Юрка спустил на замке защелочку и стал прикалывать кнопками к дощатой двери пестро раскрашенные эскизы. Механик и Храпов стали ему помогать, так что наглядность была размещена моментально. Юрка взял специально на этот случай припасенную оструганную палочку и остановился возле чертежей с видом профессора, готового начать лекцию.
Вид у Юрки был далеко не профессорский. Черный комбинезон, в который он облачался перед работой, лоснился от смазки, и какие-то белые пятна на нем обозначились, на локтях топорщились бархатные заплатки (и где только бабушка отыскала бархатный лоскуток!), а на левой коленке штанина слегка порвалась, и сквозь нее проглядывала загорелая кожа со свежей царапиной. Под носом у Юрки пролегла черная полоса, накрывшая чуть пробивающиеся усики и протянувшаяся слегка на щеку: наверное, Юрка прямо в рукавице вытер над верхней губой пот, у него всегда от жары или от усердной работы потело в первую очередь над верхней губой.
— Так вот, — сказал начальник цеха, перебив у Юрки инициативу. — Собрались мы, чтобы поговорить насчет эстетики. Важнее эстетики сейчас ничего нет.

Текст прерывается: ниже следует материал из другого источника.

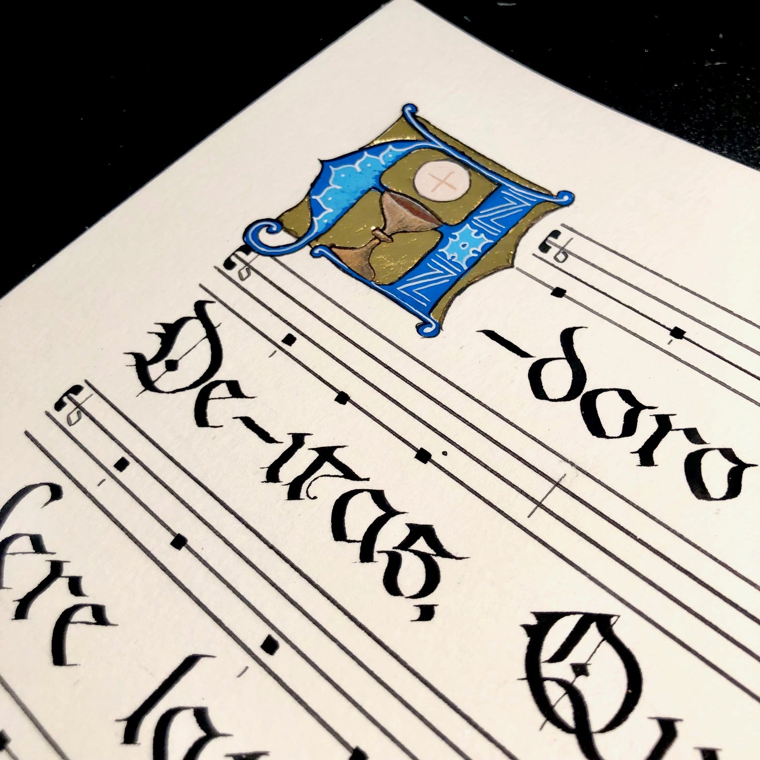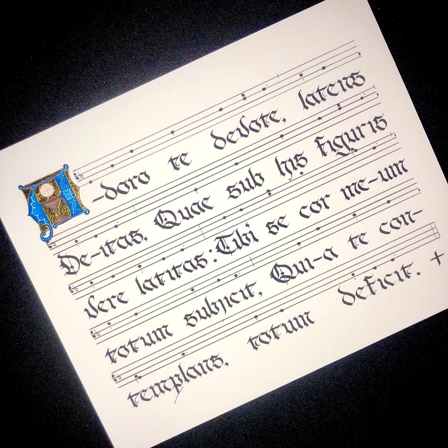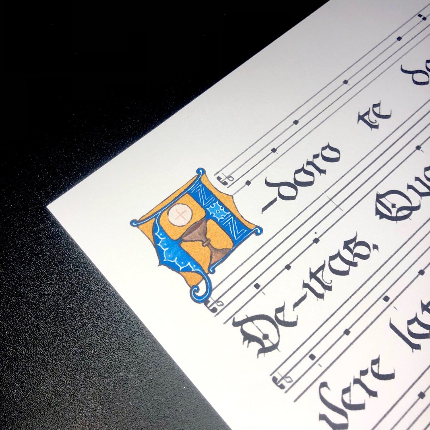 A work of art and a reverent homage to the profound devotion embedded within the words by the Angelic Doctor, St. Thomas Aquinas, this print of my 'Adoro Te Devote' illuminated Gregorian chant is an excellent addition to any home, sacristy, or choir room.
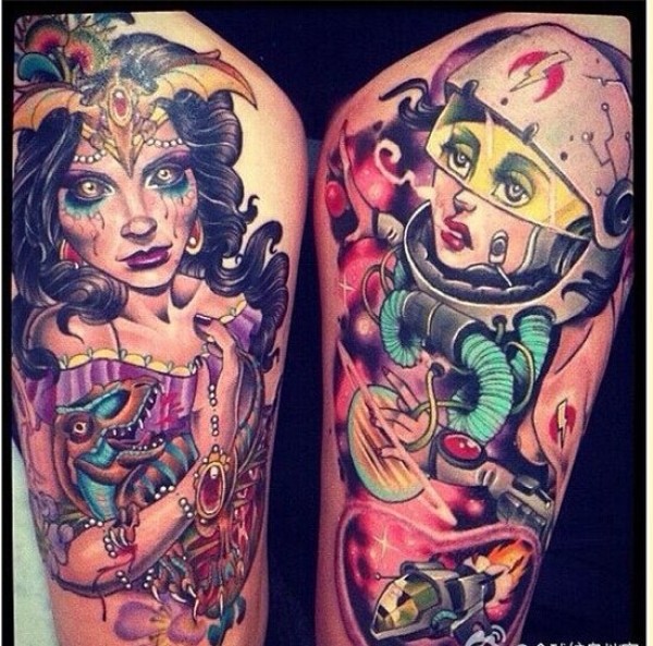 school花臂纹身--一组漂亮的school风格的花臂纹身图案作品

— Как же, — буркнул Авдонин в своем углу, — эстетика сама тебе будет программу делать.
— Что? — резко спросил Королев.
Сергей Александрович не расслышал, что сказал заместитель, но по улыбкам, которые совсем не к месту появились вдруг на некоторых лицах, заподозрил в реплике ехидство. У него было скверное настроение и к тому же он терпеть не мог, когда кто-нибудь его перебивал, хотя сам не считал грехом перебить говорившего.
— Что вы сказали, Григорий Григорьевич? — настойчиво повторил начальник цеха, видя, что Авдонин не спешит отозваться на вопрос.
— Я говорю — правильно, самое важное и есть эта самая эстетика, которая на двери висит.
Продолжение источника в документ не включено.